It's possible to brute force your way into solving a problem. But doing so leads to an inefficient solution.

One common inefficient, brute force method you might see in the wild is the notorious double loop.

```
function findpairs(arr, k) {
for (let i = 0; i < arr.length - 1; i++) {
for (let k = 1 + 1; i < arr.length; k++) {
}
}
}
```

It takes forever to go through every element in an array once, but twice? Forget about it.

Instead of using double loops, consider using what is affectionately known as "The Two Pointer Technique".

## What is a pointer?

In a for loop, the "i" value is the pointer i.e. it goes through each item in the array.

But we if have 2 pointers we can make different calculations based on the different pointers. It is also much faster than using two for loops as both pointers can move through the array at the same time (don't quote me on this part though).
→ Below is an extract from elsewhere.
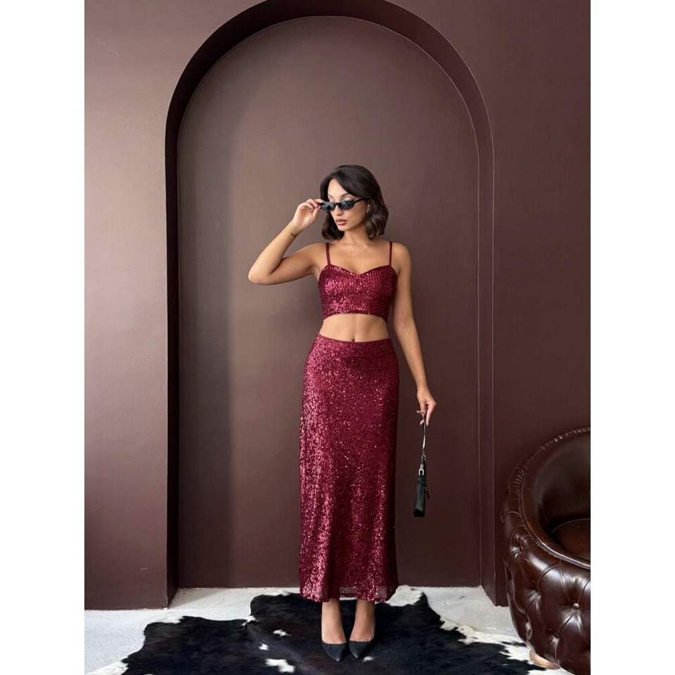 ท็อปโชว์ กระโปรงเดรสยาวประดับเลื่อมเบอร์กันดี

In the example below, the carot symbol **(^)** is meant to visualize the two pointer concept. The array is in ascending order, which means the first element is the minimum and the last is the max.

```
const arr = [ 1, 2, 3, 4, 5, 6]
^ ^
```

While there are perhaps thousands of different combinations of pointers, the most typical combination is to have one start at the beginning, and another to start at the end.

Let' see now how we can solve a simple problem using this two pointer method.

## The situation

We have an array that is sorted in ascending order, and we want to see if any pair of the elements in the array sum up to X.

```
const array = [1, 2, 3, 4, 5, 6, 7, 8]
^ ^
const x = 10
function findPairs(array, x) {
let start = 0; //set the first element
let end = array.length - 1; //set the last element
while (start < end) {
if (array[start] + array[end] === x) {
return true; //if any two elements equal x, we are done.
} else if (array[start] + array[end] < x) {
}
}
```

In the "else if" statement runs, we will change the first pointer to the next element in the array.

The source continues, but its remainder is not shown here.